To report an issue in a GNOME project, go to GNOME GitLab.
Do not go to GNOME Gitlab for: Bluefish, Doxygen, GnuCash, GStreamer, java-gnome, LDTP, NetworkManager, Tomboy.
Bug 719880 - feather selection causes segmentation fault (SIGSEGV)
feather selection causes segmentation fault (SIGSEGV)
Status: RESOLVED FIXED
Product: GEGL
Classification: Other
Component: GeglBuffer
git master
Other All
: Normal critical
: ---
Assigned To: Default Gegl Component Owner
Default Gegl Component Owner
Depends on:
Blocks:
 
 
Reported: 2013-12-05 05:30 UTC by liam
Modified: 2014-03-17 02:05 UTC
See Also:
GNOME target: ---
GNOME version: ---


Attachments
Patch to fix segmentation fault on a feather selection on a huge canvas. (5.78 KB, patch)
2013-12-06 13:05 UTC, Jehan
none Details | Review
New patch (5.13 KB, patch)
2013-12-07 08:48 UTC, Jehan
none Details | Review

Description liam 2013-12-05 05:30:43 UTC
To reproduce:

1. create a new image,
   8-bit colour
   4928x27213 pixels in size
   (I experimented a bit with other sizes, but I think it
    might be the image size modulo the tile size or something)

2. use the rectangle tool to make a selection

3. feather the selection (I used a radius of 100 but I think any value does it).

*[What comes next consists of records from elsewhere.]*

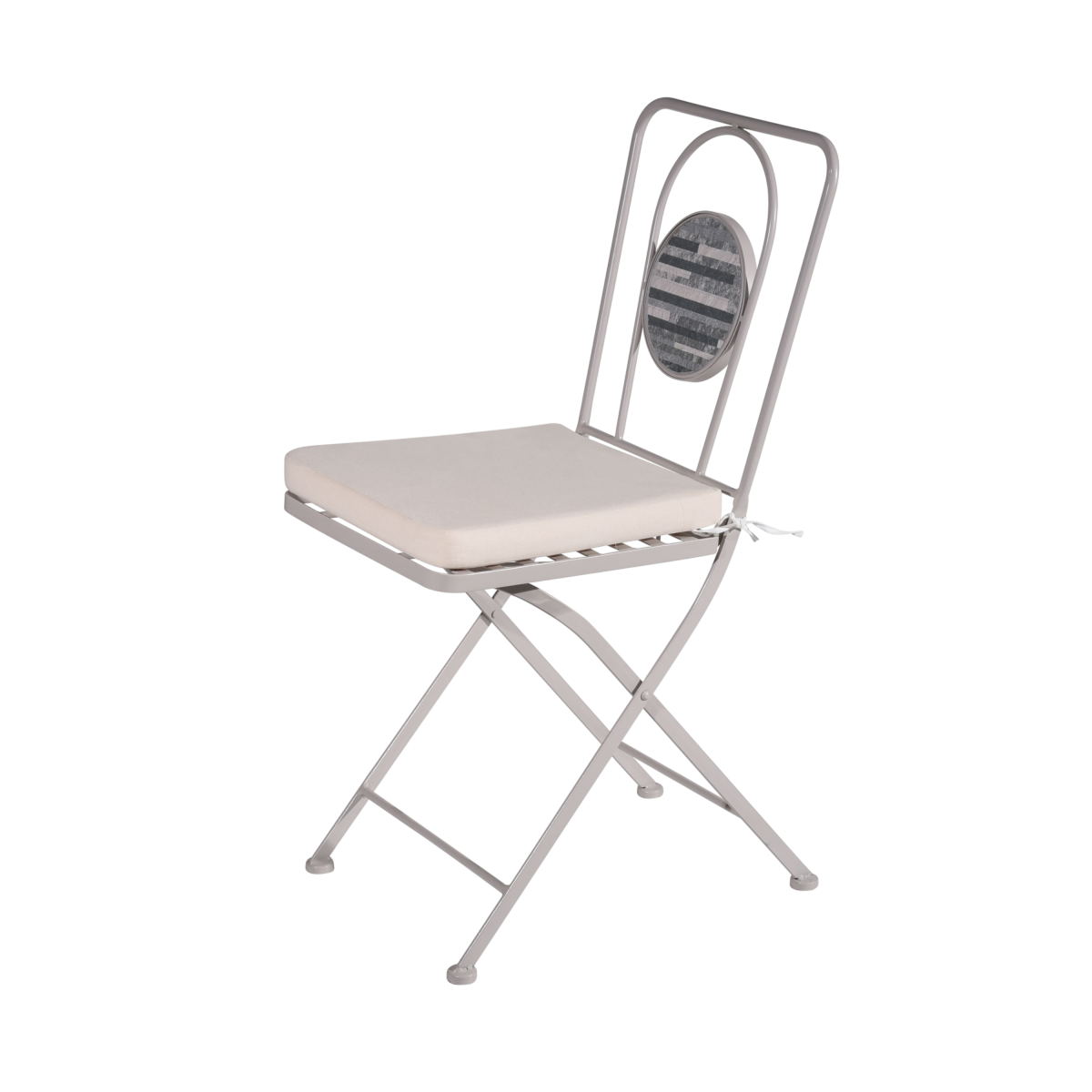 Összecsukható fém kerti szék kerámia díszítéssel – 38 × 51 × 86 cm
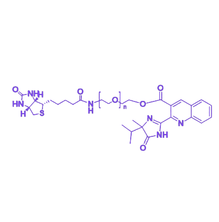 Biotin-PEG-Imazaquin(生物素-聚乙二醇-咪唑喹啉)是一种由生物素靶向单元、聚乙二醇链段与咪唑喹啉功能分子通过化学偶联形成的多功能生物活性探针。该分子设计整合了靶向识别、亲水性调节与生物活性激发等多重特性,为生物医学研究提供了高效的分子工具。
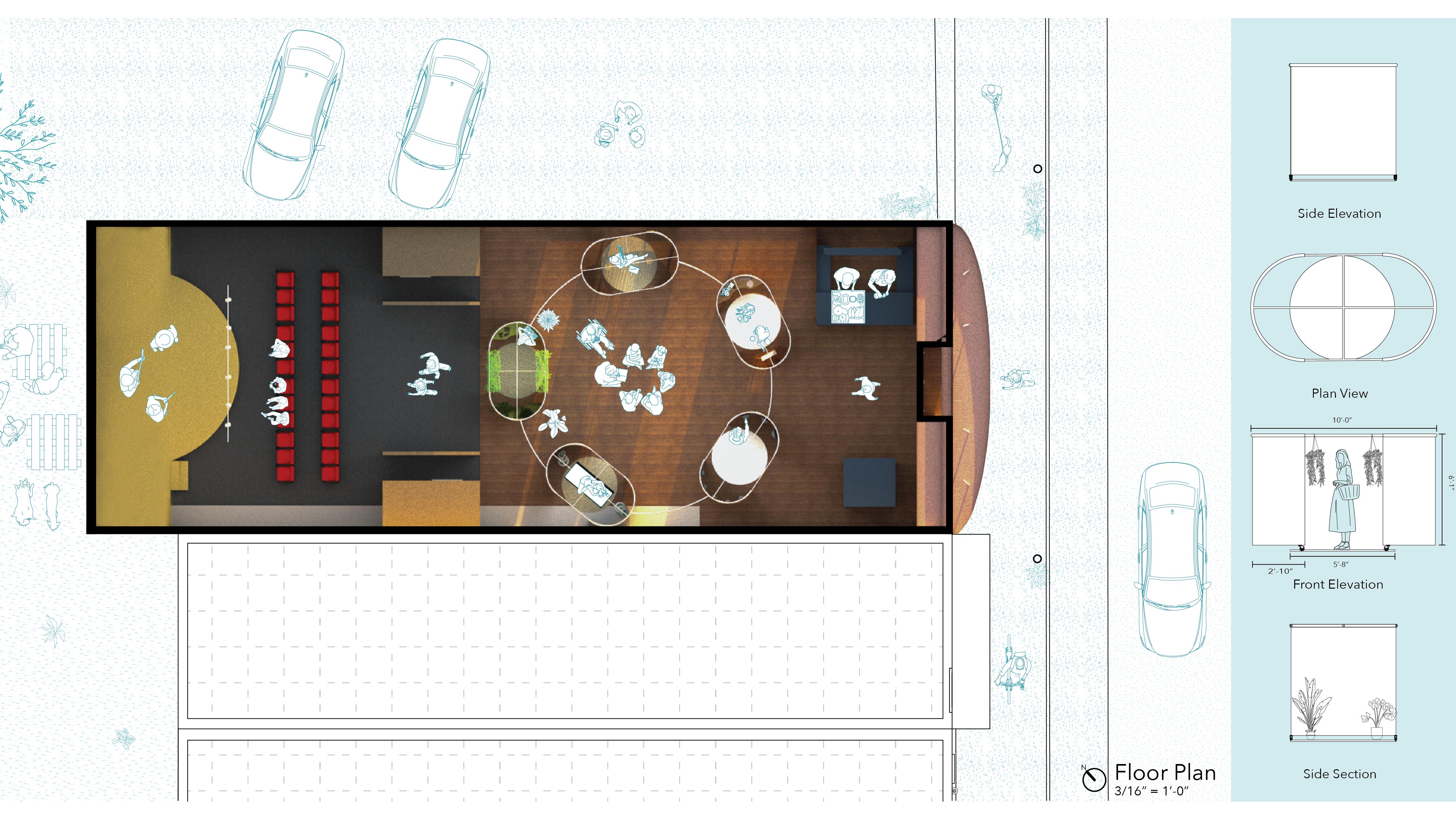 Updated 3D model to add contextual surroundings such as streets, sidewalks, light posts, and signs. Created various 2D drawings to represent new design interventions and concepts.
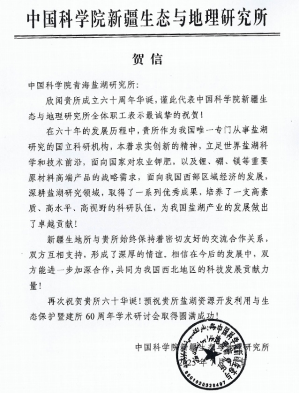 中国科学院新疆生态与地理研究所贺信
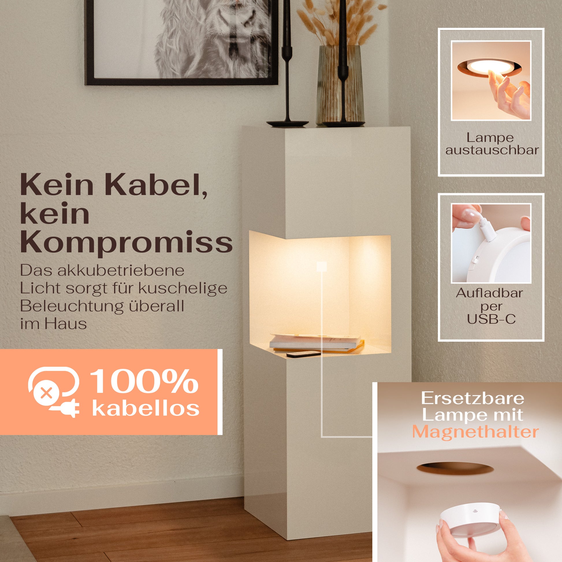 - 🔋📲 Flexibel dank Akku & Fernbedienung: Austauschbare, akkubetriebene Lampe mit mehreren Helligkeitsstufen – komfortabel per Fernbedienung steuerbar, ohne Steckdose am Aufstellort.
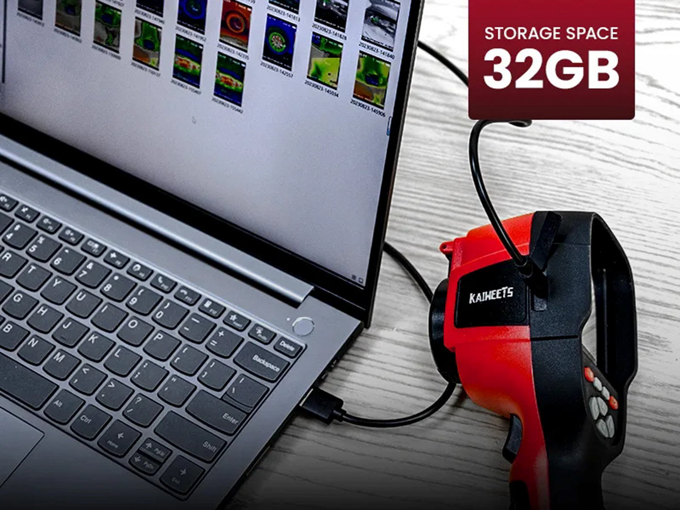 Liitä KTI-W01 Windows-tietokoneeseen reaaliaikaista lämpötilamuutosten analysointia varten tai tallenna ja analysoi dataa myöhemmin offline-tilassa. Laite tukee piste-, viiva- ja pinta-alueen lämpötilamittauksia ja sen 32G eMMC -flash-muistiin mahtuu yli 300000 kuvaa.
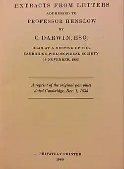 - ^ "DARWIN, Charles. For Private Distribution ... Extracts from Letters addressed to Professor Henslow by C. Darwin, Esq. Cambridge: [the University Press for the Cambridge Philosophical Society], Dec. 1, 1835". www.christies.com.
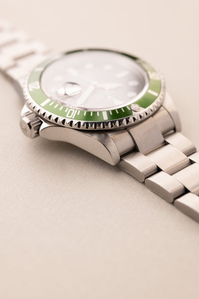 Insert: Original B1: Fat Four “Serifed”, the inside of the four in ‘40’ is squared at the top but all the numbers with internal angles have very sharp, pronounced serifs in the classic Rolex style. The bezel is of a slightly lighter, olive green than the bezels that follow. (nicknamed Bertolli).
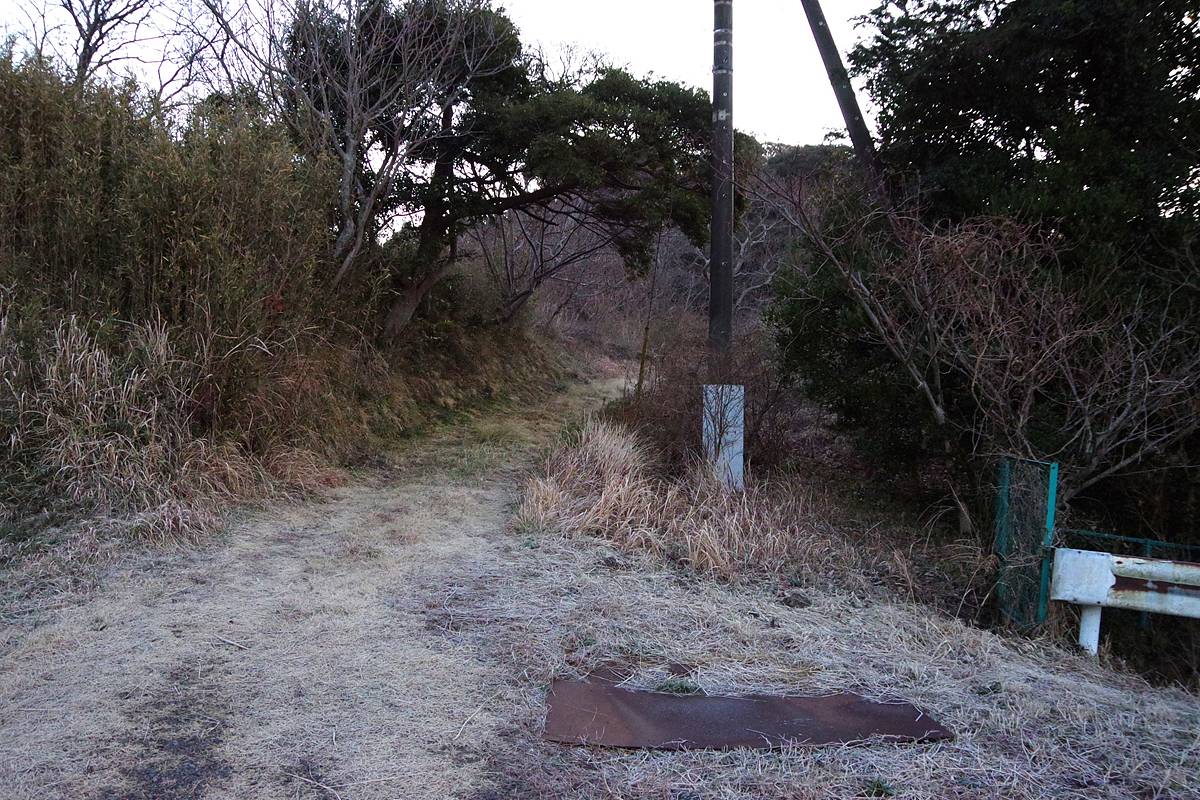 直線の登り坂の途中だが、ここから左へ別れる砂利道がある。そして分岐を無視して直進しようとすると、そこに「この先社有地につき進入禁止」の看板が掲げられている。
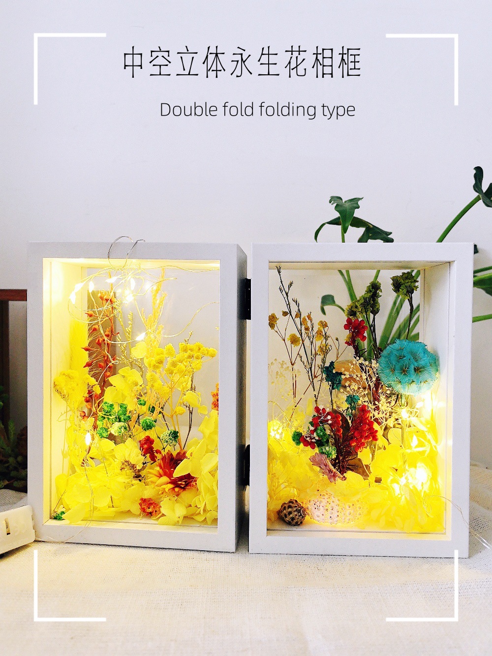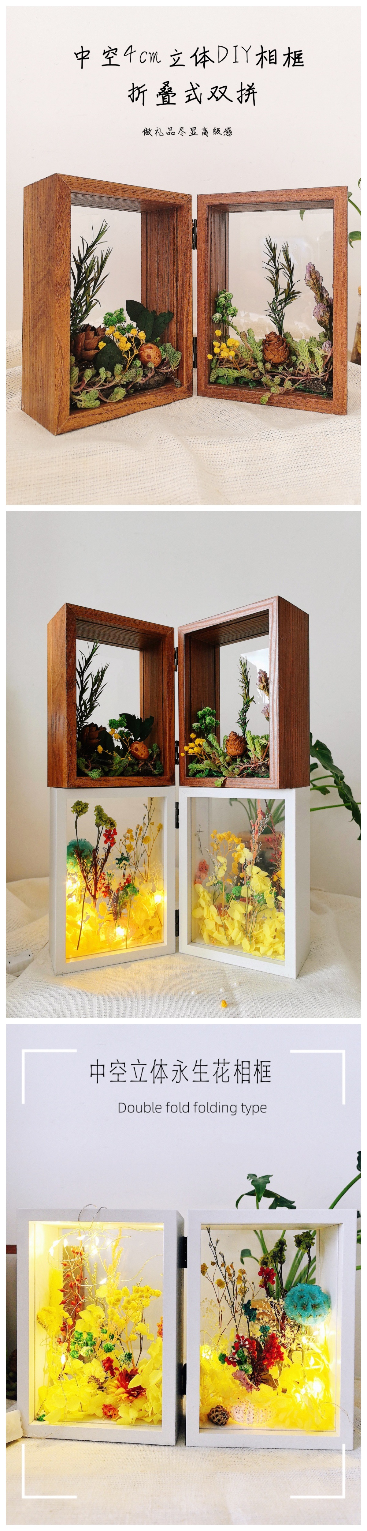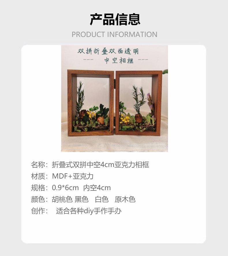 양면 투명 아크릴 포토 프레임 접히는 중공 3 차원 디스플레이 테이블 침실 장식품 말린 꽃 고급 수제 느낌스토어 가기
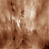 Een jonge, gracieuze vrouw beweegt zich in een abstract geschilderde kamer, omgeven door licht in zachte sepiatinten.
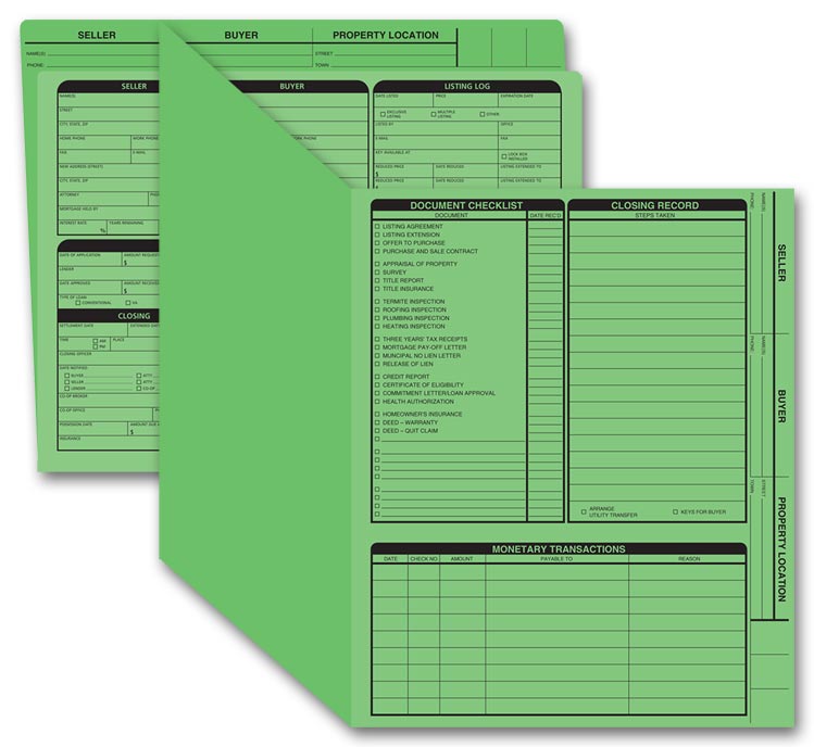 Real Estate listing folders with preprinted headings keep track of showings, advertising and more.
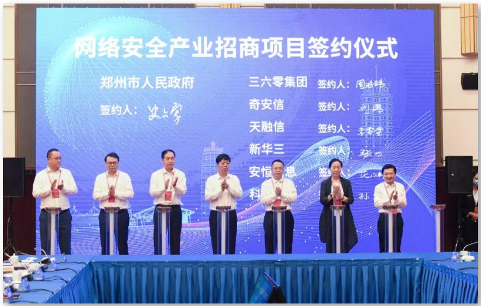 9月14日,三六零安全科技股份有限公司与郑州市人民政府在国家网络安全宣传周产业发展座谈会现场签署了战略协议,将与郑州市强强联合,在郑州高新区建设360中原总部和网络安全产业基地重大基础设施群。
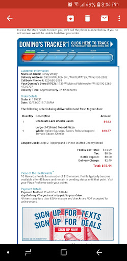 Read moreSo I ordered from this particular domino’s 1 time and got food poisoning from undercooked chicken. Literally ridiculous. I then call them telling them I got food poisoning and they just said “oh okay, well we do things correctly here” I didn’t even get an “I’m sorry” I wasn’t too mad at first because I didn’t know if it was just me or the food, but then my friend also ends up getting sick!! I call back and no answer. I then called dominos headquarters and was told that this was a franchise and I would be getting the money back. THAT NEVER HAPPENED. For 2 days straight my friend and I were sick, throwing up and couldn’t hold any of our food down. This is ridiculous honestly. DONT...
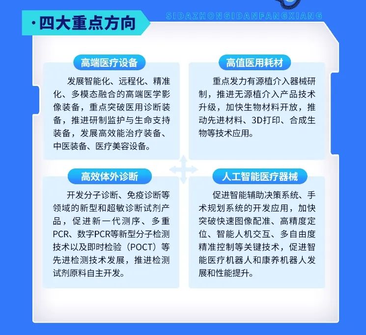 《行動(dòng)計(jì)劃》共提出了四大重點(diǎn)方向、六個(gè)重大工程、八大保障措施,按照“融合創(chuàng)新、醫(yī)產(chǎn)協(xié)同、聯(lián)動(dòng)發(fā)展、開放合作”的基本原則,圍繞產(chǎn)業(yè)規(guī)模、創(chuàng)新效益、企業(yè)實(shí)力、產(chǎn)業(yè)生態(tài)四個(gè)維度,提出到2026年總體規(guī)模突破500億元、打造專業(yè)化產(chǎn)業(yè)園區(qū)5個(gè)以上、創(chuàng)新品種累計(jì)突破100個(gè)、力爭培育億元級新產(chǎn)品10個(gè)以上、新增一批國家級或市級創(chuàng)新載體、支持建設(shè)一批創(chuàng)新醫(yī)療器械示范應(yīng)用中心、培訓(xùn)中心、產(chǎn)教融合基地等具體目標(biāo),力爭到“十五五”末建成對標(biāo)世界一流水平的高端創(chuàng)新醫(yī)療器械產(chǎn)業(yè)集群。
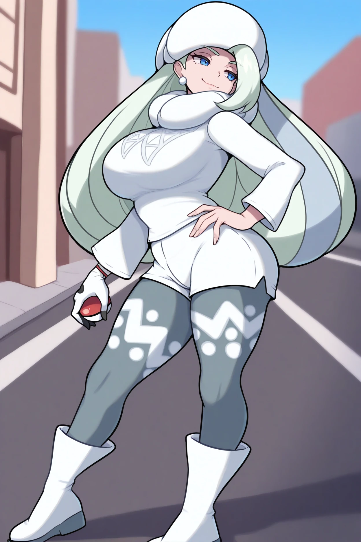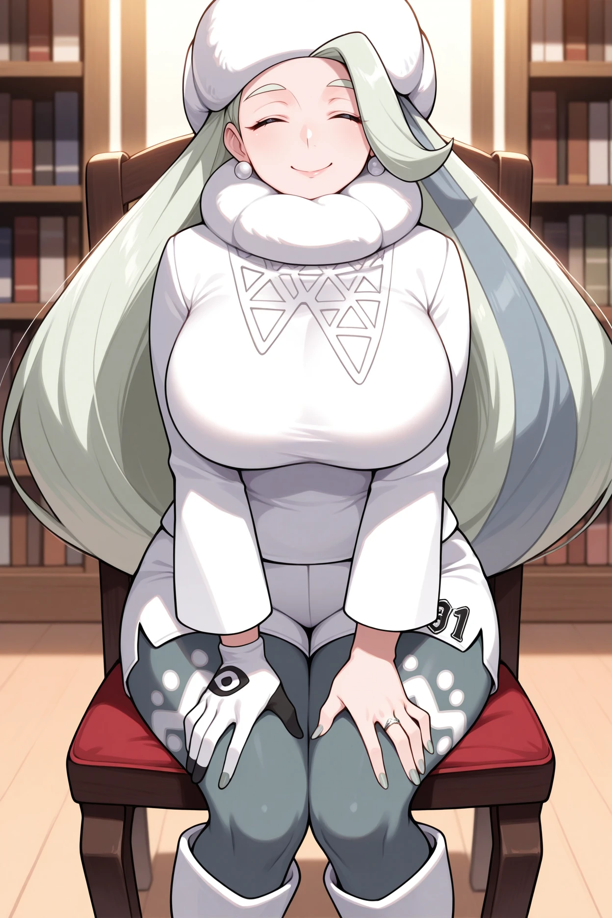 Add "fur hat, white headwear, pearl earrings, white neck pillow, white sweater, white shorts, single glove, grey leggings, print legwear, white boots, wedding ring" for her typical look.
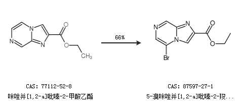 1.通过咪唑并[1,2-a]吡嗪-2-甲酸乙酯合成5-溴咪唑并[1,2-a]吡嗪-2-羧酸乙酯,收率约66%;
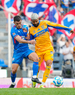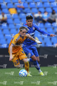 Puebla, Puebla, 15 de febrero de 2026. Jeremy Márquez y Joaquim Pereira durante el partido correspondiente a la jornada 6 del torneo Clausura 2026 de la Liga BBVA MX, entre la Máquina Celeste del Cruz Azul y los Tigres de la UANL, realizado en el estadio Cuauhtémoc. Foto: Imago7/Mireya Novo
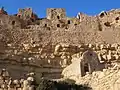 Ksar Chenini is located on the crest of a peak overlooking the new village of Chenini at 150m above sea level. It has been qualified by Abdesmad Zaïed as "one of the most imposing" in the country.[1]
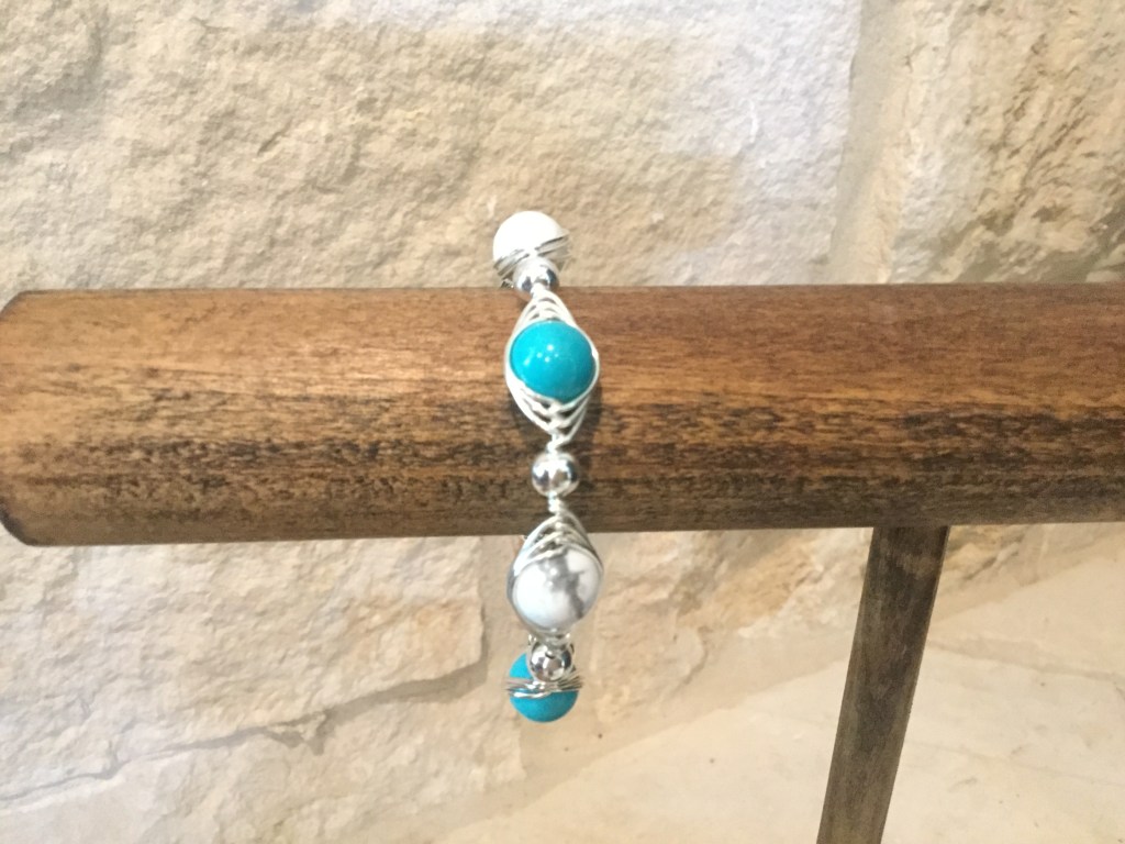 This unusual Blue/White Howlite bracelet was designed with care. It combines spacers and beads woven with a herringbone weave design on a memory wire. Howlite was originally discovered in Canada but today large amounts are mined in California. Howlite is a porous stone and somewhat soft on the Mohs scale. The woven beads are 10mm.
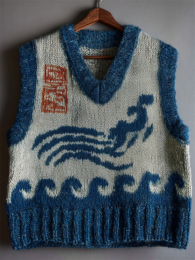 Japanese Sea Waves Lino Art Contrast Cozy Knit Vest

/home/lee/opt/bin/gimp-2.9: fatal error: Segmentation fault
/home/lee/opt/bin/gimp-2.9 (pid:14678): [E]xit, [H]alt, show [S]tack trace or [P]roceed: s
  • #0 waitpid
    from /lib64/libpthread.so.0
  • #1 g_on_error_stack_trace
  • #2 g_on_error_query
    from /lib64/libglib-2.0.so.0
  • #3 gimp_eek
  • #4 gimp_fatal_error
  • #5 gimp_sigfatal_handler
  • #6 <signal handler called>
  • #7 conv_rgbaF_linear_rgbAF_linear
  • #8 babl_conversion_linear_process
  • #9 babl_conversion_process
  • #10 process_conversion_path
  • #11 babl_fish_path_process
  • #12 babl_fish_process
  • #13 babl_process
  • #14 gegl_buffer_iterate_read_simple
  • #15 gegl_buffer_iterate_read_abyss_color
  • #16 gegl_buffer_iterate_read_dispatch
  • #17 gegl_buffer_get_unlocked
  • #18 iir_young_hor_blur
  • #19 process
  • #20 gegl_operation_filter_process
  • #21 gegl_graph_process
  • #22 gegl_eval_manager_apply
  • #23 gegl_node_apply_roi
  • #24 gegl_node_blit
  • #25 gimp_gegl_apply_operation
  • #26 gimp_gegl_apply_gaussian_blur
  • #27 gimp_channel_real_feather
  • #28 select_feather_callback
  • #29 size_query_box_response
  • #30 g_closure_invoke
    from /lib64/libgobject-2.0.so.0
  • #31 signal_emit_unlocked_R
  • #32 g_signal_emit_valist
  • #33 g_signal_emit
    from /lib64/libgobject-2.0.so.0
  • #34 _g_closure_invoke_va
  • #35 g_signal_emit_valist
  • #36 g_signal_emit
    from /lib64/libgobject-2.0.so.0
  • #37 gtk_real_button_released
  • #38 g_closure_invoke
    from /lib64/libgobject-2.0.so.0
  • #39 signal_emit_unlocked_R
  • #40 g_signal_emit_valist
  • #41 g_signal_emit
    from /lib64/libgobject-2.0.so.0
  • #42 gtk_button_button_release
  • #43 _gtk_marshal_BOOLEAN__BOXED
  • #44 g_closure_invoke
    from /lib64/libgobject-2.0.so.0
  • #45 signal_emit_unlocked_R
  • #46 g_signal_emit_valist
  • #47 g_signal_emit
    from /lib64/libgobject-2.0.so.0
  • #48 gtk_widget_event_internal
  • #49 gtk_propagate_event
  • #50 gtk_main_do_event
    from /lib64/libgtk-x11-2.0.so.0
  • #51 gdk_event_dispatch
    from /lib64/libgdk-x11-2.0.so.0
  • #52 g_main_context_dispatch
  • #53 g_main_context_iterate.isra.24
  • #54 g_main_loop_run
    from /lib64/libglib-2.0.so.0
  • #55 app_run
  • #56 main
    at main.c line 438

(script-fu:15328): LibGimpBase-WARNING **: script-fu: gimp_wire_read(): error
Comment 1 Jehan 2013-12-05 09:15:01 UTC
Just saying I can reproduce it every time by following the above procedure.
I'll see if I can find the issue.
Comment 2 Jehan 2013-12-05 12:21:00 UTC
It seems I've found the issue: an integer overflow.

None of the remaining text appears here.